▸ Data shown:
::::::

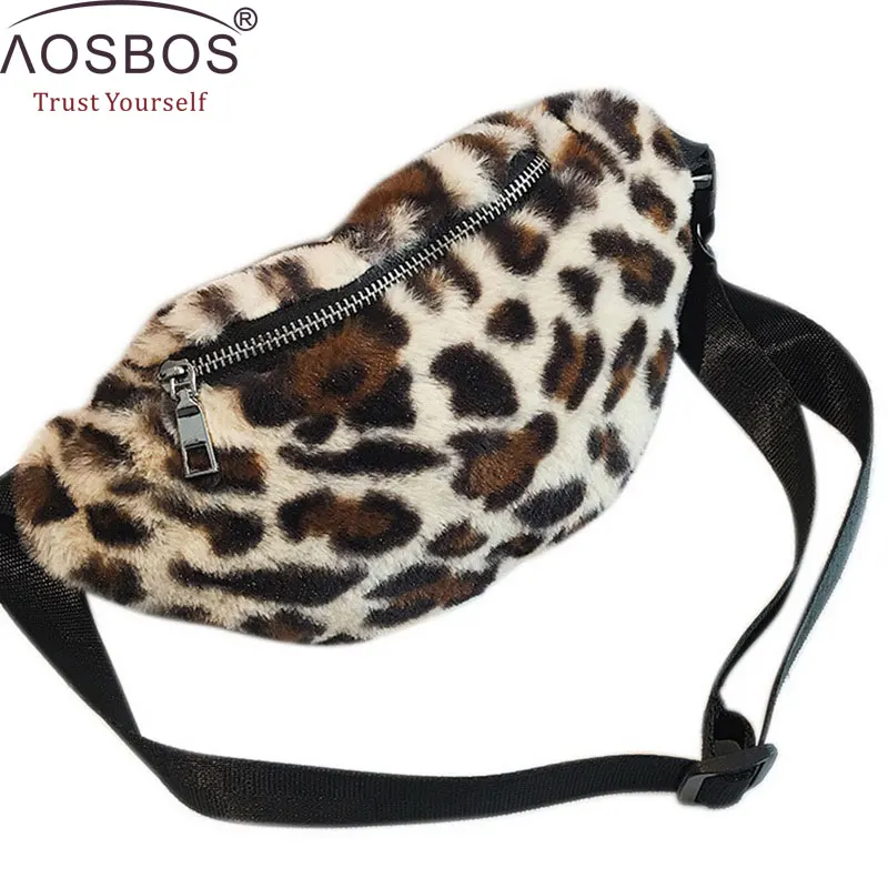 Price Description of Aosbos Faux Fur Running Waist Packs Women Fanny Leopard Vintage Belt Chest Bag Travel Small Phone Pouch for Female Drop Shipping
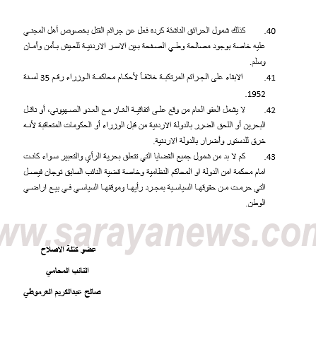 وقال العرموطي لسرايا ، ان اللجنة القانونية ستقوم بتسليم مسودة قانون العفو الى مجلس النواب خلال هذا الاسبوع ،لافتاً الى ان العفو العام يجرى عليه الان التعديلات الاخيرة .
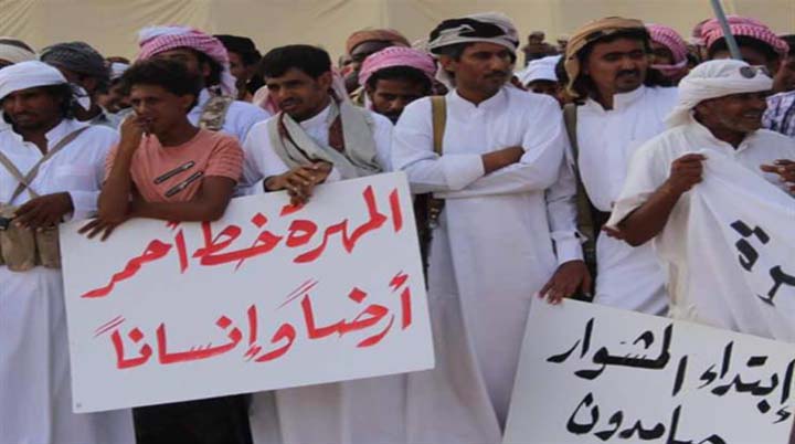 وأكد بيان صادر عن لجنة الاعتصام السلمي لأبناء المهرة تلقت وكالة الأنباء اليمنية (سبأ) نسخة منه، أن وصول قوات بريطانية إلى المحافظة بزعم حماية المياه البحرية، أحد المخططات التآمرية للسيطرة على ثروات اليمن، وانتهاك سافر للسيادة الوطنية.
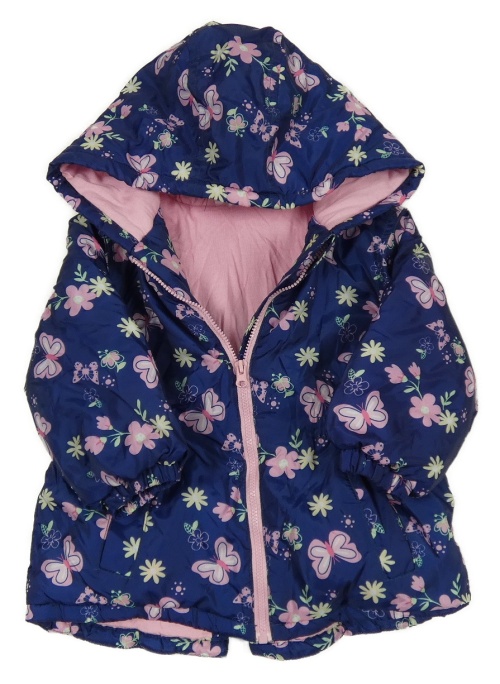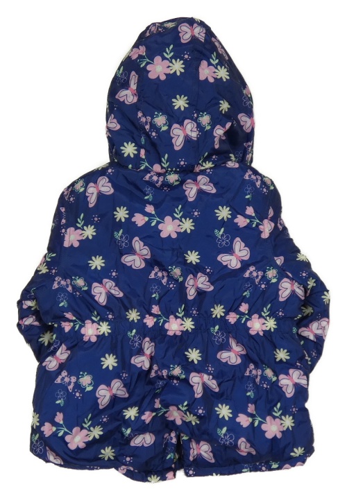 Modrá kvetinová šušťáková zimná bunda s motýlikmi a kapucňou Ergee

::::::

▸ The task: The lines needed are those from the one containing "وأكد بيان صادر" through the end of the listing, given again word for word and without any picture.

▸ Response:
 وأكد بيان صادر عن لجنة الاعتصام السلمي لأبناء المهرة تلقت وكالة الأنباء اليمنية (سبأ) نسخة منه، أن وصول قوات بريطانية إلى المحافظة بزعم حماية المياه البحرية، أحد المخططات التآمرية للسيطرة على ثروات اليمن، وانتهاك سافر للسيادة الوطنية.
 Modrá kvetinová šušťáková zimná bunda s motýlikmi a kapucňou Ergee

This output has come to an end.